→ **RECORD EXTRACTS**

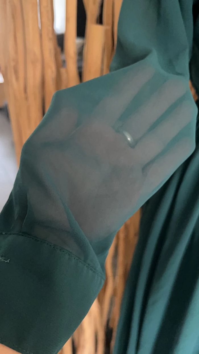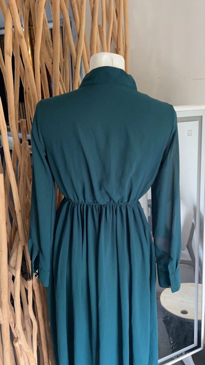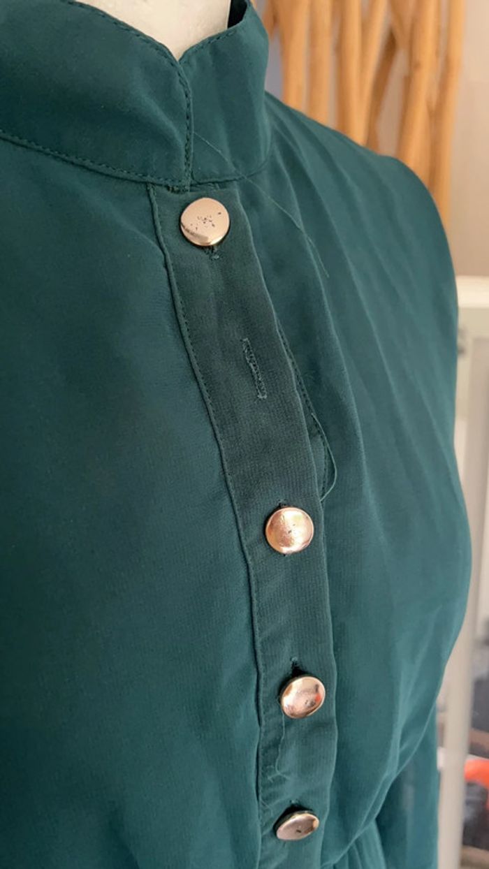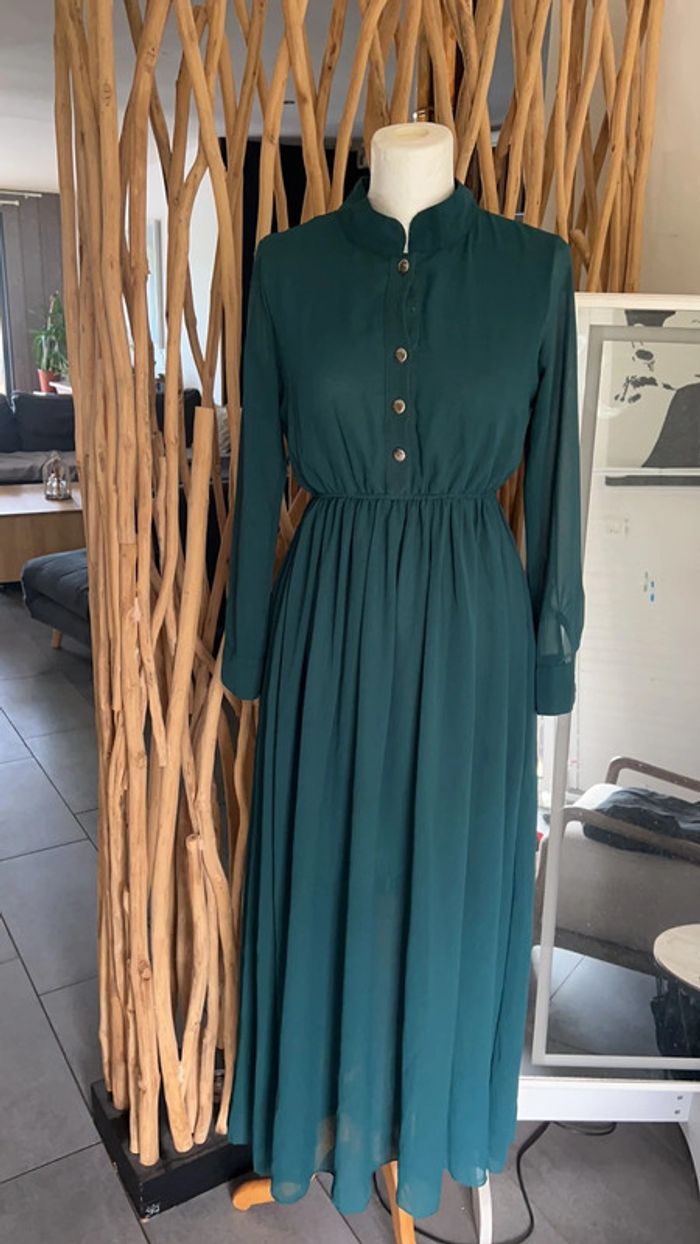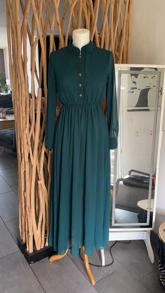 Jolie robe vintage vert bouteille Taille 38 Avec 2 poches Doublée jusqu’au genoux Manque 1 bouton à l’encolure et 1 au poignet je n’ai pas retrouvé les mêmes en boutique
--
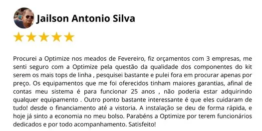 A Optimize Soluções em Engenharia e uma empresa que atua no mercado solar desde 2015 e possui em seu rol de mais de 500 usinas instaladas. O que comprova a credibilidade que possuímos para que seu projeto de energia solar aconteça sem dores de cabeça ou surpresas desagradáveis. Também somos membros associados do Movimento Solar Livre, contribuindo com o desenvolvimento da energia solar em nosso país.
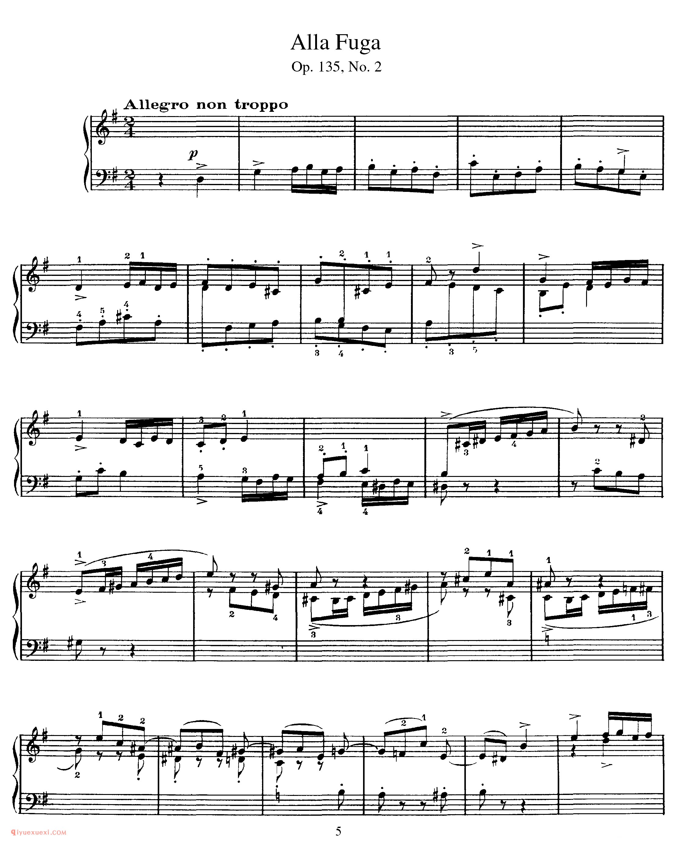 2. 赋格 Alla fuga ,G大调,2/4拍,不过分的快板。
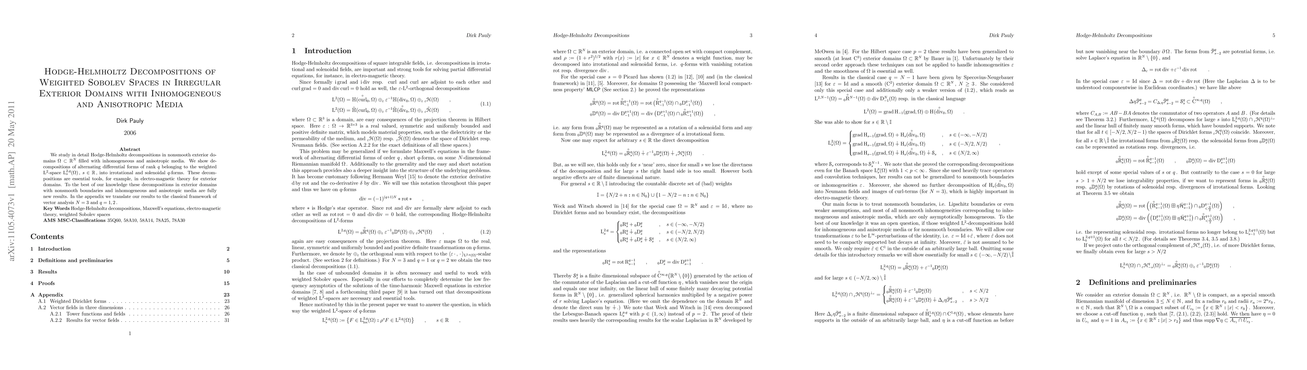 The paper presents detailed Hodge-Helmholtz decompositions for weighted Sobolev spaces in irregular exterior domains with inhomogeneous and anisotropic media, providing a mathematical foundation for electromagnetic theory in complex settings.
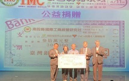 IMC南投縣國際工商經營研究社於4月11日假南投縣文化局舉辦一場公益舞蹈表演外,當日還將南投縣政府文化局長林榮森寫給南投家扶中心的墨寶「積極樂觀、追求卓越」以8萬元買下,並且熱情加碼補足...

→ **TASK REQUIREMENTS**
Your reply is to be an exact repeat of the listing above from the line holding "2. 赋格 Alla fuga ,G大调,2/4拍,不过分的快板。" down to the line holding "IMC南投縣國際工商經營研究", ends included, pictures excluded.

→ **EXERCISE ANSWER**
 2. 赋格 Alla fuga ,G大调,2/4拍,不过分的快板。
 The paper presents detailed Hodge-Helmholtz decompositions for weighted Sobolev spaces in irregular exterior domains with inhomogeneous and anisotropic media, providing a mathematical foundation for electromagnetic theory in complex settings.
 IMC南投縣國際工商經營研究社於4月11日假南投縣文化局舉辦一場公益舞蹈表演外,當日還將南投縣政府文化局長林榮森寫給南投家扶中心的墨寶「積極樂觀、追求卓越」以8萬元買下,並且熱情加碼補足...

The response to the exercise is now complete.